FR-A-1 043 443 discloses a spark plug with a capacitor-controlled auxiliary spark for generating ignition sparks in internal combustion engines, which includes an insulated ring mounted between a center electrode and a ground electrode to form an auxiliary spark gap between this and the centre electrode and to obtain a capacitance between this ring and earth which is far greater than the capacitance between this ring and the centre electrode. When the voltage applied to the spark plug exceeds the flashover voltage, a spark jumps the short distance from the ring to the centre electrode. This spark serves as an auxiliary spark for the main spark and facilitates the jumping of the main spark, since the ionisation caused by this auxiliary spark enables and assists the jumping of the main spark between the centre electrode and the earth electrode, discharging the capacitor consisting of the insulated ring and the earth electrode.

Furthermore, measures proposed to date to reduce the required spark plug voltage include, for example, measures to reduce the electrode diameter, and this leads to an increase in electrode consumption and a deterioration in electrode durability.

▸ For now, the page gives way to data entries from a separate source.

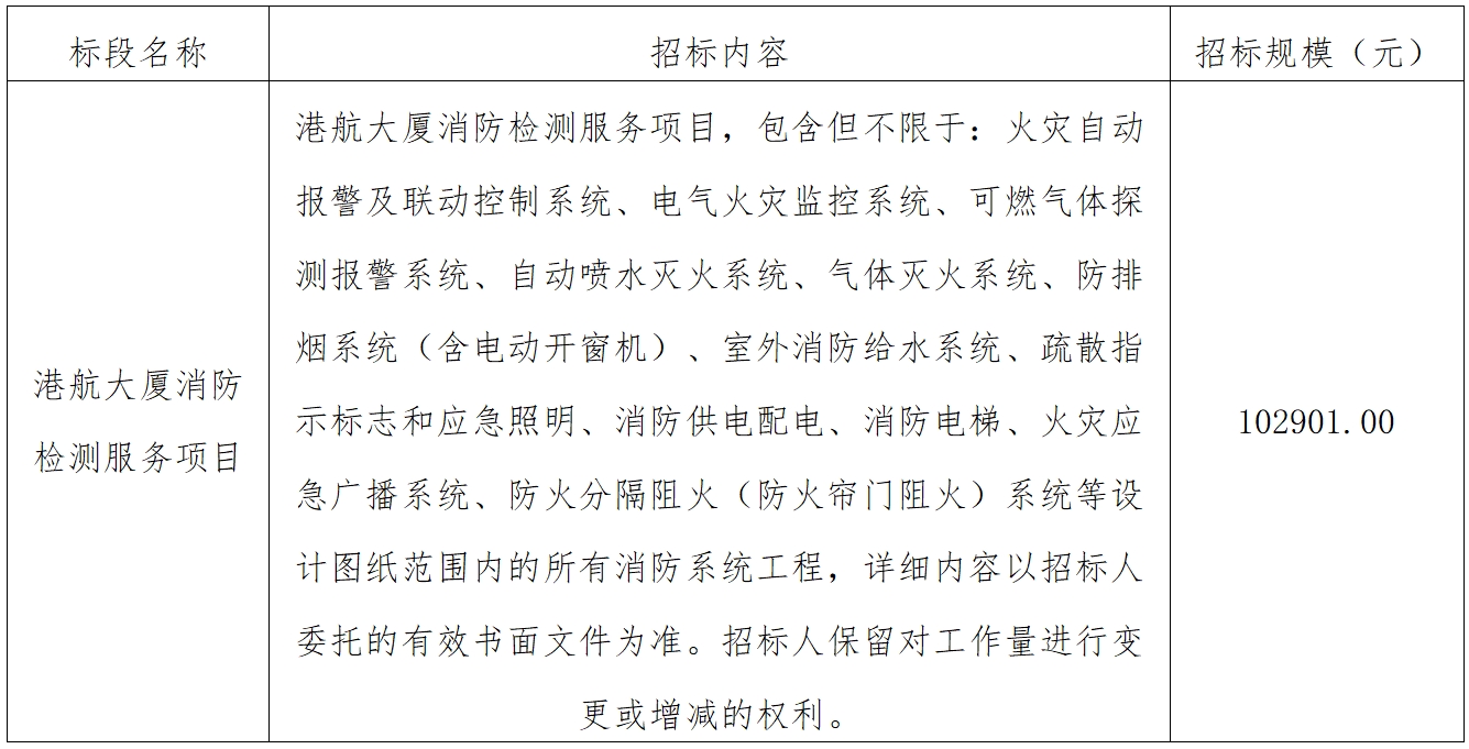 一、江蘇鹽城港控股集團有限公司負責實施的港航大廈消防檢測服務項目已具備招標條件,項目所需資金已落實,現(xiàn)通過公開招標方式邀請潛在投標人參加本項目的投標。
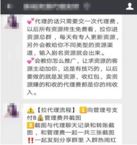 通过交谈,每日经济新闻(微信号:nbdnews)记者发现,在很多“资源售卖者”背后都有团队组织,即“发资源的团队”。记者购买“资源代理”后,被“上家”拉进了2个分别有近500人的微信群。其中一个即是资源库,在资源库中,只有管理员有发言权利,其他人只能拿剧不能说话,否则会被罚款。
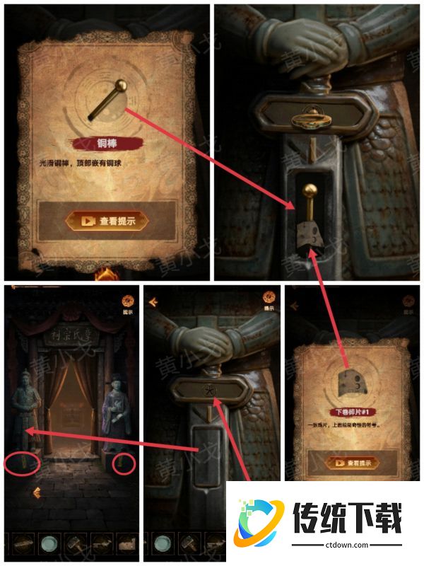 16、点击武将瓷偶的剑,用【多齿钥匙】打开暗格,获得【下卷碎片1】和【铜棒】

Although measures to manufacture the electrode tips from less consumable platinum would be conceivable, these measures are also disadvantageous from a cost perspective.

The present invention has been made in view of the above-mentioned problems and it is an object of the invention to provide a spark plug which has a larger electrode gap and requires a lower voltage than previously.

According to the invention, the above-mentioned object is achieved by a spark plug for internal combustion engines, which has a center electrode, a center electrode coaxially enclosing insulator, a metal housing coaxially enclosing the insulator, a ground electrode extending from the front end of the housing beyond and opposite the front end of the center electrode to form a spark gap between the front end of the center electrode and the front end of the center electrode; and a third electrode attached to the insulator to form an auxiliary spark gap between the front end of the center electrode and connected to ground through a capacitive component of the housing, the spark plug being characterized in that the third electrode is formed as a thin film and the third electrode made of the thin film is attached over an outer peripheral surface of the insulator, and a gap is formed between an inner surface of the housing and the third electrode in such a way that the gap opens toward the front of the front end of the center electrode.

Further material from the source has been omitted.